MATERIAL SUPPLIED:
====
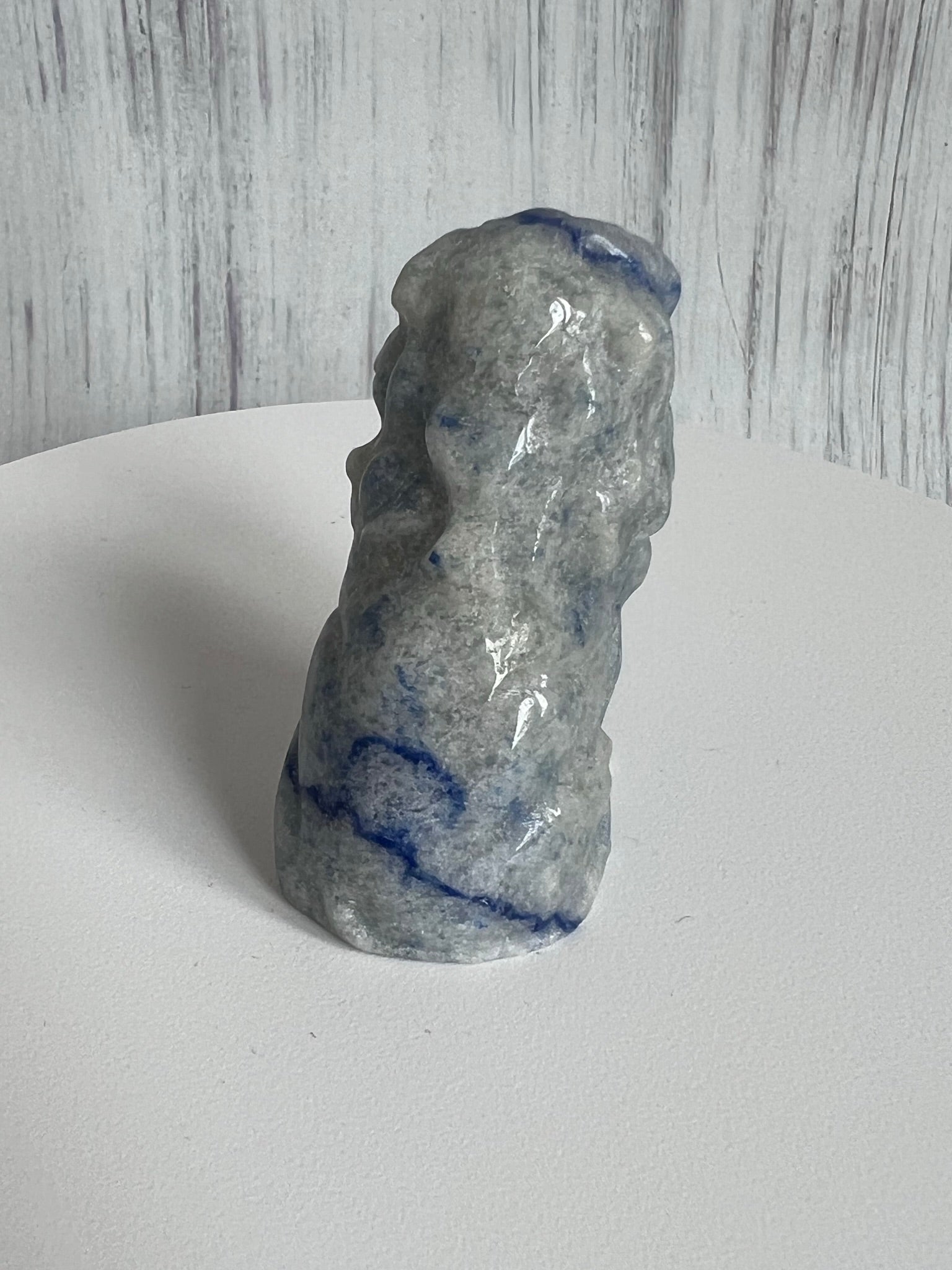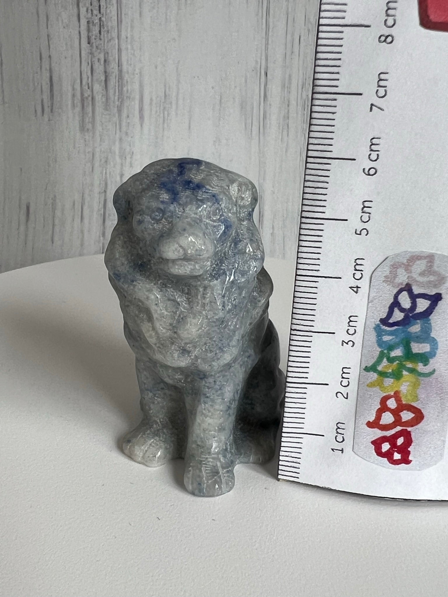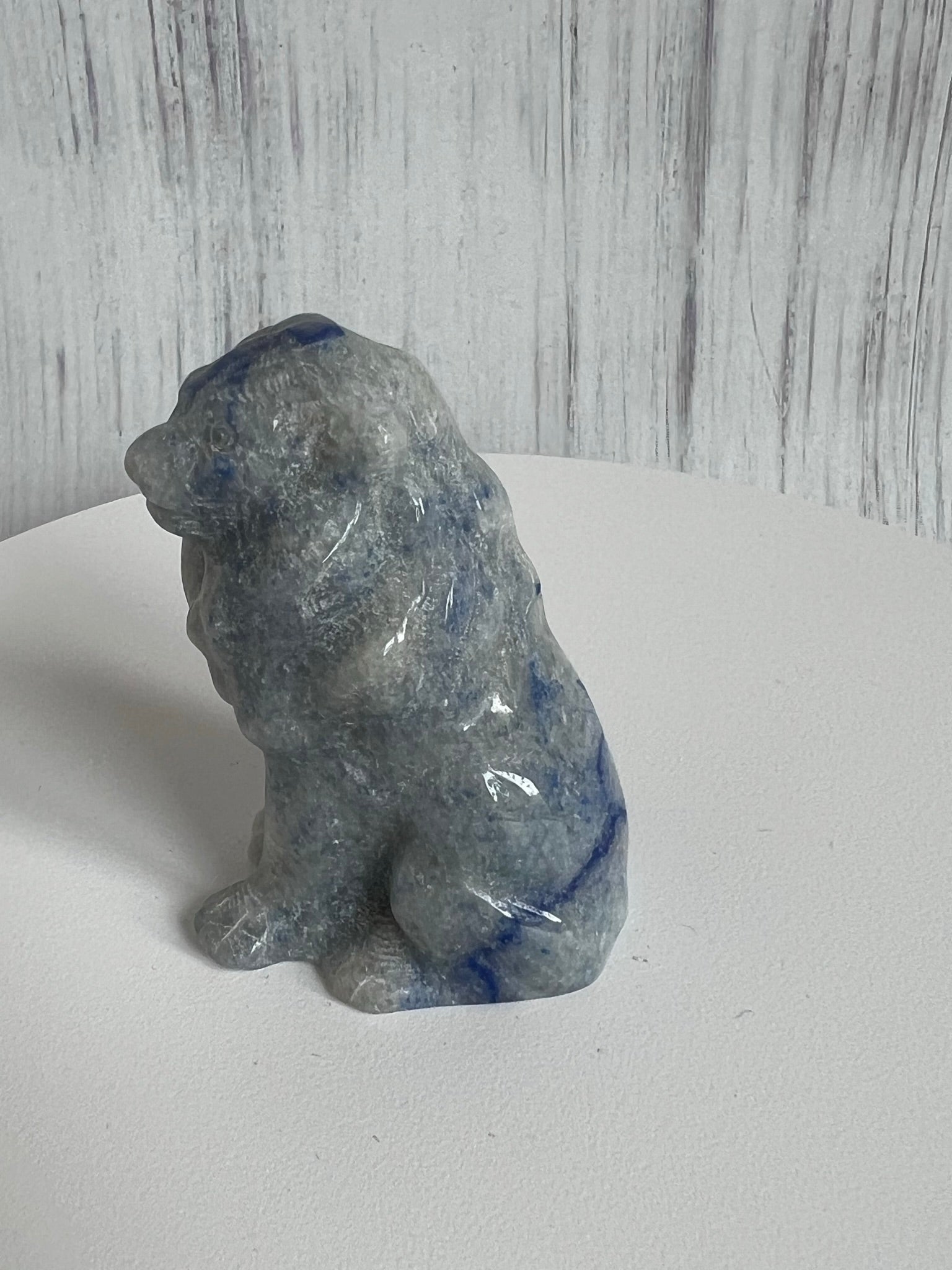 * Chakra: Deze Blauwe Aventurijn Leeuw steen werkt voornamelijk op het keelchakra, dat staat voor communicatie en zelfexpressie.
====
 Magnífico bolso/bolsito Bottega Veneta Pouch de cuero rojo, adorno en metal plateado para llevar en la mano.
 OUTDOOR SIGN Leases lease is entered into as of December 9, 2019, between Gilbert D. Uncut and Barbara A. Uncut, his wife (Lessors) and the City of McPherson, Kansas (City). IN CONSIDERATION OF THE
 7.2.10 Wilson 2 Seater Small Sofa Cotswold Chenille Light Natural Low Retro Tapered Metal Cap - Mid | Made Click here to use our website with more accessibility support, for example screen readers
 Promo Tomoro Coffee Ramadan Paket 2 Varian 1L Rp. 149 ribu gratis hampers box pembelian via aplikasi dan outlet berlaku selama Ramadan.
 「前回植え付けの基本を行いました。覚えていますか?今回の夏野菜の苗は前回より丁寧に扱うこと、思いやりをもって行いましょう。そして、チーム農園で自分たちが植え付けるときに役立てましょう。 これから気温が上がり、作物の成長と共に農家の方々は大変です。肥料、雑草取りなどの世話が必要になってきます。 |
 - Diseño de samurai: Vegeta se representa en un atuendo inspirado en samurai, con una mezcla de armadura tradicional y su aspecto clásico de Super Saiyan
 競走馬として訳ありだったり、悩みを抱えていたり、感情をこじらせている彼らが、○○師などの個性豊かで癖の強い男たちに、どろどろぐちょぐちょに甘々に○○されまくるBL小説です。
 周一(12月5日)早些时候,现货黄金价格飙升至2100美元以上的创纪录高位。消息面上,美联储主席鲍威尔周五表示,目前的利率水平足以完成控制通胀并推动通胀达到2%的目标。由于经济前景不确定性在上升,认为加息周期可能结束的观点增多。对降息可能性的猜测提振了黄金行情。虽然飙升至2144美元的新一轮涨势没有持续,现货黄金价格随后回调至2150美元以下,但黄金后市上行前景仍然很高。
====
REQUIRED ACTION: Take the lines above from the one containing "OUTDOOR SIGN Leases" down to the one containing "周一(12月5日)早些时候,现货黄金价格", and transcribe them exactly, both ends included.

EXERCISE RESULT:
 OUTDOOR SIGN Leases lease is entered into as of December 9, 2019, between Gilbert D. Uncut and Barbara A. Uncut, his wife (Lessors) and the City of McPherson, Kansas (City). IN CONSIDERATION OF THE
 7.2.10 Wilson 2 Seater Small Sofa Cotswold Chenille Light Natural Low Retro Tapered Metal Cap - Mid | Made Click here to use our website with more accessibility support, for example screen readers
 Promo Tomoro Coffee Ramadan Paket 2 Varian 1L Rp. 149 ribu gratis hampers box pembelian via aplikasi dan outlet berlaku selama Ramadan.
 「前回植え付けの基本を行いました。覚えていますか?今回の夏野菜の苗は前回より丁寧に扱うこと、思いやりをもって行いましょう。そして、チーム農園で自分たちが植え付けるときに役立てましょう。 これから気温が上がり、作物の成長と共に農家の方々は大変です。肥料、雑草取りなどの世話が必要になってきます。 |
 - Diseño de samurai: Vegeta se representa en un atuendo inspirado en samurai, con una mezcla de armadura tradicional y su aspecto clásico de Super Saiyan
 競走馬として訳ありだったり、悩みを抱えていたり、感情をこじらせている彼らが、○○師などの個性豊かで癖の強い男たちに、どろどろぐちょぐちょに甘々に○○されまくるBL小説です。
 周一(12月5日)早些时候,现货黄金价格飙升至2100美元以上的创纪录高位。消息面上,美联储主席鲍威尔周五表示,目前的利率水平足以完成控制通胀并推动通胀达到2%的目标。由于经济前景不确定性在上升,认为加息周期可能结束的观点增多。对降息可能性的猜测提振了黄金行情。虽然飙升至2144美元的新一轮涨势没有持续,现货黄金价格随后回调至2150美元以下,但黄金后市上行前景仍然很高。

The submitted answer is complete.